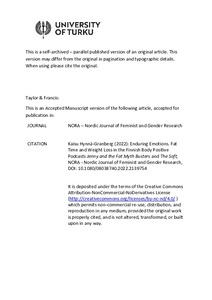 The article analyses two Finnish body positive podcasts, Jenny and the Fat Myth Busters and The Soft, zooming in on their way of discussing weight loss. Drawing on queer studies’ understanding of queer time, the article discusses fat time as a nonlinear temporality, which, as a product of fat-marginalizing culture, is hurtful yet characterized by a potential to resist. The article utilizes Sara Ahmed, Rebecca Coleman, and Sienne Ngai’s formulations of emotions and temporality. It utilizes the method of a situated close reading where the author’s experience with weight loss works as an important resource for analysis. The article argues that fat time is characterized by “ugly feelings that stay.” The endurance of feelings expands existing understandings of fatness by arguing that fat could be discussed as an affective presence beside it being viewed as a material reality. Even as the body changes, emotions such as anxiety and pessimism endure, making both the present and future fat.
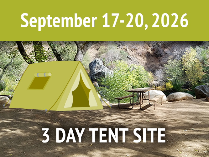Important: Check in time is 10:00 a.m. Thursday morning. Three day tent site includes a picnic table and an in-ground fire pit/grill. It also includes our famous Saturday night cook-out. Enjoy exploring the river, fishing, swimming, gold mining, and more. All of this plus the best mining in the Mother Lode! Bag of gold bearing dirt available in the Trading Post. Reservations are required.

_____

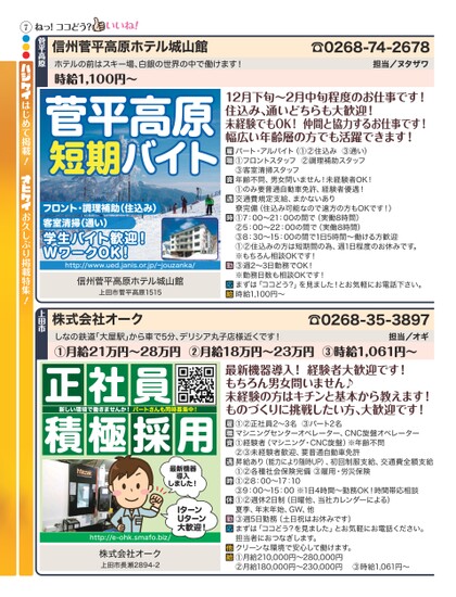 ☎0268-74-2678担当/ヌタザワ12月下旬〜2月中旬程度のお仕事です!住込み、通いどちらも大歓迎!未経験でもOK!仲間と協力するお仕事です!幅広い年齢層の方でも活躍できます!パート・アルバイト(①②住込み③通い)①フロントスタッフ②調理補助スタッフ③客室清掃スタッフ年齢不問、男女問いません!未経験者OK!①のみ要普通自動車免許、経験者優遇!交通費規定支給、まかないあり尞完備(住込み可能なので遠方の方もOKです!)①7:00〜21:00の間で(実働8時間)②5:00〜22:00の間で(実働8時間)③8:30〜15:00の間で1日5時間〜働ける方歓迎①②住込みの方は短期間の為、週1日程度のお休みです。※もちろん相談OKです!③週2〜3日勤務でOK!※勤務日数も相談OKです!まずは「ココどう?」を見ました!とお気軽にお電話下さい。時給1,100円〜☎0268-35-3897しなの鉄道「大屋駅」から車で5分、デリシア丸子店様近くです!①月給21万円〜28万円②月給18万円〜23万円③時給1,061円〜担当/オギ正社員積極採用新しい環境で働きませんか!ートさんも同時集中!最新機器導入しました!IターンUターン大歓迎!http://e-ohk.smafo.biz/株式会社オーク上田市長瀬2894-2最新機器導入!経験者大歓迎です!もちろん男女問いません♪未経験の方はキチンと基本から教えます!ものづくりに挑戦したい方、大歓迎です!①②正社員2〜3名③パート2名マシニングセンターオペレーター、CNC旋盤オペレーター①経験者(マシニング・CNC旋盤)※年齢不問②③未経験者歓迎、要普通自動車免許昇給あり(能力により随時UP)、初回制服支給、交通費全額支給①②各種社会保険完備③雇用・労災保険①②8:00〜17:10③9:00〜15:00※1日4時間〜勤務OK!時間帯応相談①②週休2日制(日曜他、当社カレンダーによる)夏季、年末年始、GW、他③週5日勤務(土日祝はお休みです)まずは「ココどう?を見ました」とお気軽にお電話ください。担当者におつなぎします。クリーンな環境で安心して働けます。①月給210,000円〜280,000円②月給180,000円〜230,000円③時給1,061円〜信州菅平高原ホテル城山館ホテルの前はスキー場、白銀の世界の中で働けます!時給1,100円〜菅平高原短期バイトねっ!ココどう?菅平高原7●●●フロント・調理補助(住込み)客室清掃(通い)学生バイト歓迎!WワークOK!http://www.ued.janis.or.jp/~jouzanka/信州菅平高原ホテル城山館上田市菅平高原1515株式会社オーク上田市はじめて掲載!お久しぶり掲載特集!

_____

Your task is to copy only the lines above starting at the one containing "The article analyses" and ending at the one containing "Important: Check in". Copy them exactly, both ends included, and omit the pictures.

 The article analyses two Finnish body positive podcasts, Jenny and the Fat Myth Busters and The Soft, zooming in on their way of discussing weight loss. Drawing on queer studies’ understanding of queer time, the article discusses fat time as a nonlinear temporality, which, as a product of fat-marginalizing culture, is hurtful yet characterized by a potential to resist. The article utilizes Sara Ahmed, Rebecca Coleman, and Sienne Ngai’s formulations of emotions and temporality. It utilizes the method of a situated close reading where the author’s experience with weight loss works as an important resource for analysis. The article argues that fat time is characterized by “ugly feelings that stay.” The endurance of feelings expands existing understandings of fatness by arguing that fat could be discussed as an affective presence beside it being viewed as a material reality. Even as the body changes, emotions such as anxiety and pessimism endure, making both the present and future fat.
Important: Check in time is 10:00 a.m. Thursday morning. Three day tent site includes a picnic table and an in-ground fire pit/grill. It also includes our famous Saturday night cook-out. Enjoy exploring the river, fishing, swimming, gold mining, and more. All of this plus the best mining in the Mother Lode! Bag of gold bearing dirt available in the Trading Post. Reservations are required.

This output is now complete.